THE BEGINNING

Ever since I started working for the University of Colorado, I am constantly amazed at the things our hardware is able to accomplish. One of the founding scientist who helped create the Cassini instrument was right across the hall from my office, and ever since it was deployed we've been enjoying the amazing images it has been providing from Saturn. 


The latest images are of a quintet of Saturn's moons that came together in the Cassini spacecraft's field of view for this photo.  This image looks toward the sunlit side of the rings from just above the ringplane. 


Rhea is closest to Cassini from this point of view. The rings are beyond Rhea and Mimas. Enceladus is beyond the rings.
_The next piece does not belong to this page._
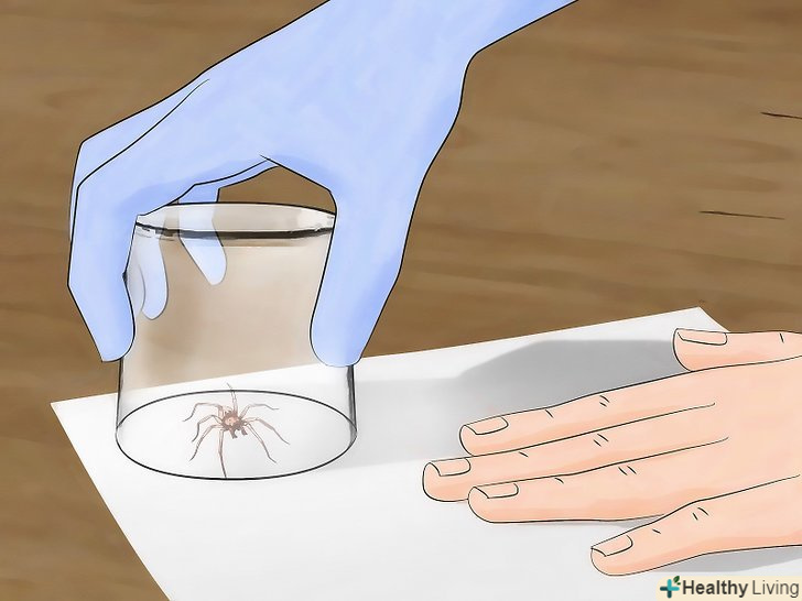 Ловіть павуків-вовків і кладіть в контейнер. коли знайдете павука, накрийте його контейнером або чашкою; посуньте під чашу важкий, твердий шматок дошки. Будьте гранично обережні, щоб павук не виповз з посудини.- Випустіть павука на волю якомога швидше. Переконайтеся, що ви випустили його досить далеко від вашого будинку так, щоб він не поповз назад всередину, як тільки вивільниться.

Janus (179 kilometers, or 111 miles across) is on the far left. Pandora (81 kilometers, or 50 miles across) orbits between the A ring and the thin F ring near the middle of the image. 



Brightly reflective Enceladus (504 kilometers, or 313 miles across) appears above the center of the image. 


Saturn's second largest moon, Rhea (1,528 kilometers, or 949 miles across), is bisected by the right edge of the image. 


The smaller moon Mimas (396 kilometers, or 246 miles across) can be seen beyond Rhea also on the right side of the image.
This image was captured with the Cassini spacecraft narrow-angle camera on July 29, 2011, at a distance of approximately 1.1 million kilometers (684,000 miles) from Rhea.


NASA's The Jet Propulsion Laboratory, a division of the California Institute of Technology in Pasadena, manages the Cassini-Huygensmission for NASA's Science Mission Directorate, Washington, D.C. 


The Cassini orbiter and its two onboard cameras were designed, developed and assembled at JPL. The imaging operations center is based at the Space Science Institute in Boulder, Colo.